Focus on Mental Health and Well Being/How the piece affected the audience/Audience reactions

-          Thought was given to not put pressure on the audience, but at the same time to encourage them to participate in different ways e.g. audience invited to switch on their camera’s, to share the perceptions, thoughts - verbally or through the chat.

-          Presenter used audience members names and showed interest and enthusiasm in all offers shared, which lead to the audience opening more.

-           It was acknowledged by the presenter that the performance was moving through history and was an exploration of the links between Covid and colonialism. The performance sparked thoughts and questions for the audience and the audience felt able to express the parts and aspects of the performance that resonated with them and their own views regards to the contrasting aspects of the characters and their morals in the performance.

-          Towards the end of the performance the audience were invited to share their own stories of what had been happening for them over the past 12 months. This allowed the audience to share their experiences and for the other audience members to hear the experiences of others – allowing for connectedness, challenging that sense of being alone with a situation as the audience recognised that other audience members had been going through struggles of their own too.

-          Audience members voiced how helpful this process was for them and acknowledged how naming their strength and the tools used to overcome difficulties was helpful.

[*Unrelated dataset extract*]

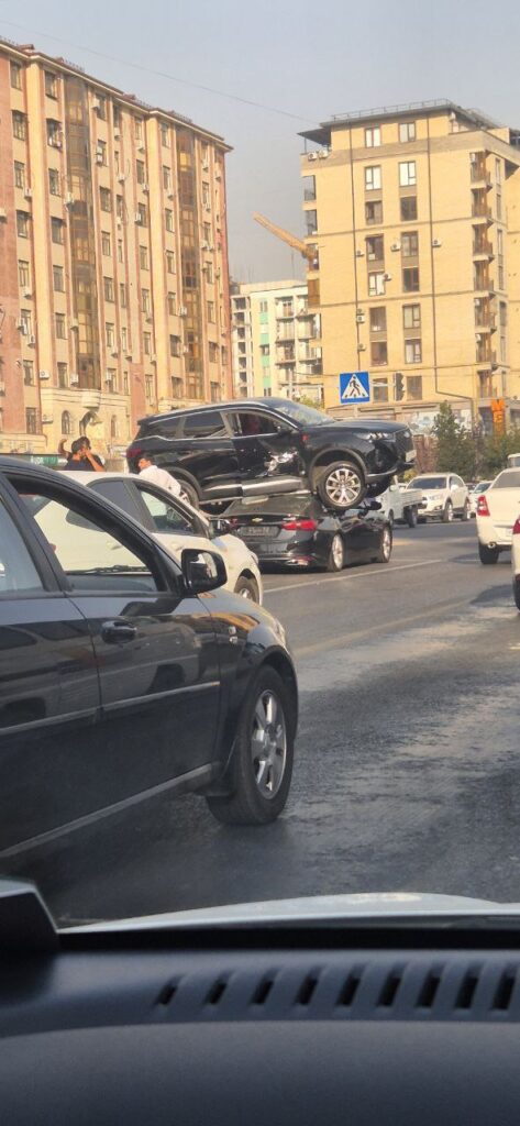 Vaib.uz (Узбекистан. 17 октября). Ташкент продолжает обсуждать необычное дорожно-транспортное происшествие, произошедшее на улице Махтумкули. Напомним, в соцсетях разлетелись фотографии и видео, на которых видно, как автомобиль Chery буквально стоит верхом на крыше Chevrolet Malibu. Это зрелище вызвало массу вопросов и шуток, но теперь появились видео, которые прояснили, как всё произошло.

-          Other audience members expressed how being listened too, beingaffirmed, and responded to via the improvisation theatre played back to them and by the comments made by other audience members was very catharsis and she would take this with her.


-          Other audience members talked about a group consciousness and how the performance and the audiences stories had talked about finding a strength within, dual feelings/experiences e.g. joy and sadness being experienced at the same time and them co existing rather than pushing either feeling away. It was acknowledged that they had shared some sort of group healing through their connectedness, even though it was vertical space (via zoom). It was acknowledged that one member of the Theatre company had done her aspect of the performance from another continent – Africa, Uganda.

-          The presenter and the actors later in the performance expressed their gratitude for audience members courage, openness, and honesty and how they were honoured that the audience had trusted them with these important aspects of their life. This made for a mutual connection and togetherness as the audience too shared their appreciation for the performance and the evening/atmosphere that had been created and delivered by Sheba Soul Ensemble.

-          The Improvisation singer used the phrase “me” in the song she created, which showed a real coming alongside the audience member who had shared their story, as if they were one.

-          One audience member was not wishing to verbally share her story initially, but instead wrote it in the chat. This was respected and honoured, and this led to the audience member becoming less anxious and taking risks to open and share more verbally.

-          An audience member who had written and published her own poems over the past 12 months as a way of managing her time and challenging the negative feelings that tried to creep in over the past 12 months; was given space to share some of her own poems and her poems were celebrated as part of the evening’s events.



The evening and performance was a great success and from my analysis I believe a great job was done insuring the nurturing and holding of the audience and creating a space where the focus was on mental health and wellbeing, without even naming it as that. The performance was excellently executed and delivered and lead to the audience freely sharing their own stories triggered by the thought-provoking art delivered. I have no critical analysis as I feel you met all your aims and objectives well and you were as a company, greatly received by your audience.